Errol Flynn Private life family and death
Flynn was married three times, to actress Lili Damita from 1935 until 1942 (one son, Sean Flynn); to Nora Eddington from 1943 until 1948 (two daughters, Deirdre and Rory); and to actress Patrice Wymore from 1950 until his death (one daughter, Arnella Roma).In the late 1950s, Flynn met the 15-year-old Beverly Aadland at the Hollywood Professional School, whom Errol Flynn courted during his last few years, and cast in his final film, Cuban Rebel Girls (1959). Errol Flynn planned to marry her and move to their new house in Jamaica, but during a trip together to Vancouver Errol Flynn died of a heart attack. Errol Flynn's only son, Sean, became an actor and later a war correspondent who disappeared in Cambodia in 1970 during the Vietnam War. The younger Flynn's life was recounted in Inherited Risk by Jeffrey Meyers (Simon & Schuster).
One of his grandsons, the model Luke Flynn (born Luke Stoecker in 1976), the only child of Arnella Flynn (1953-1998) and fashion photographer Carl Stoecker, was named one of the world's sexiest bachelors by People magazine in 2003. Errol Flynn's mother, a former fashion model, died on the Flynn family estate in Jamaica at the age of 45.
Numerous legends surround Flynn's death, but according to Vancouverhistory.ca, Flynn flew with Aadland to Vancouver British Columbia October 9, 1959 to sell his yacht Zaca to millionaire George Caldough. On October 14, Caldough was driving Flynn to the airport when Flynn felt ill. Errol Flynn was taken to the apartment of Caldough's friend, Dr. Grant Gould, uncle of noted pianist Glenn Gould. A party ensued, with Flynn regaling guests with stories and impressions. Feeling ill again, Errol Flynn announced "I shall return" and retired to a bedroom to rest. A half hour later, Aadland checked in on him, finding Errol Flynn suffering a massive heart attack. Errol Flynn died in her arms minutes later.
He was interred in Forest Lawn Memorial Park Cemetery, in Glendale, California. Errol Flynn shares coffin space with six bottles of whiskey, a parting gift from his drinking buddies.

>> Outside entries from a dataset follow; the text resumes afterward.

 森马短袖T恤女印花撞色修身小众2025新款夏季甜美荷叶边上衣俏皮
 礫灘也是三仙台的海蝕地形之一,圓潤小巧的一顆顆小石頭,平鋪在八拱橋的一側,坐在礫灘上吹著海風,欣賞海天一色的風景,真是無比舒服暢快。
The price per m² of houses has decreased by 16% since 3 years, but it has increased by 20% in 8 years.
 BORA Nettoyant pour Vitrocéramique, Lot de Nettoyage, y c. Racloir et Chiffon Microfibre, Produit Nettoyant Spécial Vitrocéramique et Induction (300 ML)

Both his parents survived him.
Flynn received American citizenship in 1942. In Hollywood Errol Flynn tended to refer to himself as Irish rather than Australian, supposedly because Errol Flynn felt few people there knew of Australia. Errol Flynn's father Theodore Thomson Flynn was a biologist and a professor at the Queen's University of Belfast.

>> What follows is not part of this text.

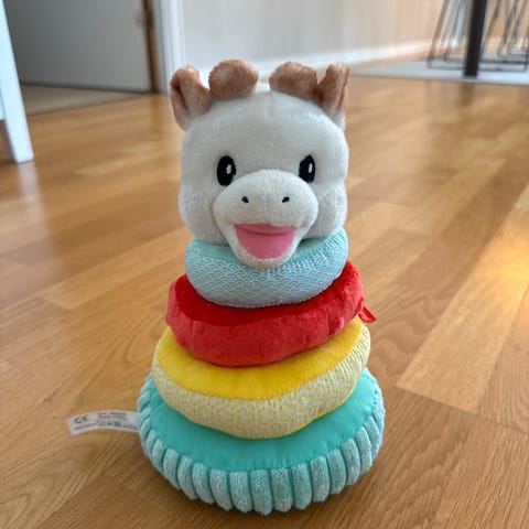 Kommer som et sett med 3 designet bokser, 2 glatte kuler og 3 knirkende teksturerte kuler.

Errol Flynn Post-death controversy
Author Charles Higham published a controversial biography, Errol Flynn: The Untold Story (Doubleday, 1980) in which Errol Flynn alleged that Flynn was a fascist sympathiser and that Errol Flynn spied for the Nazis before and during World War II. In Disney's 1991 film The Rocketeer, the major villain, Neville Sinclair, was a 1930s Hollywood actor who spied for the Nazis in an obvious reference to Higham's allegations about Errol Flynn.Subsequent biographies notably Tony Thomas' Errol Flynn: The Spy Who Never Was (Citadel, 1990) have denounced Higham's claims as fabrications. Flynn's political leanings appear to be leftist. Errol Flynn was a supporter of the Spanish Republic in the Spanish Civil War and of the Cuban Revolution, even narrating a documentary titled Cuban Story shortly before his death. According to Flynn's own words in My Wicked, Wicked Ways, Errol Flynn considered Fidel Castro to be a friend. Errol Flynn went to Cuba to experience the Cuban revolution firsthand. Errol Flynn found Castro fascinating and declared in 1959, on the Canadian television program Front Page Challenge, that Castro would go down in history as one of the greats.
One of the best works about Flynn is Buster Wiles' My Days With Errol Flynn: The Autobiography of a stuntman (Roundtable, 1988). Wiles (died July 20, 1990), was a famous Hollywood stuntman and knew Flynn well. Errol Flynn worked with Errol Flynn in many pictures and became one of his best friends. For a while, Errol Flynn lived with Flynn at his Mulholland Farm. In his autobiography, Wiles recounts several humorous stories that reveal Flynn's personality and character. Errol Flynn dismissed allegations that Flynn was a Nazi spy or a homosexual. Other biographies have alleged that Flynn had brief affairs with Truman Capote, Tyrone Power, and Howard Hughes.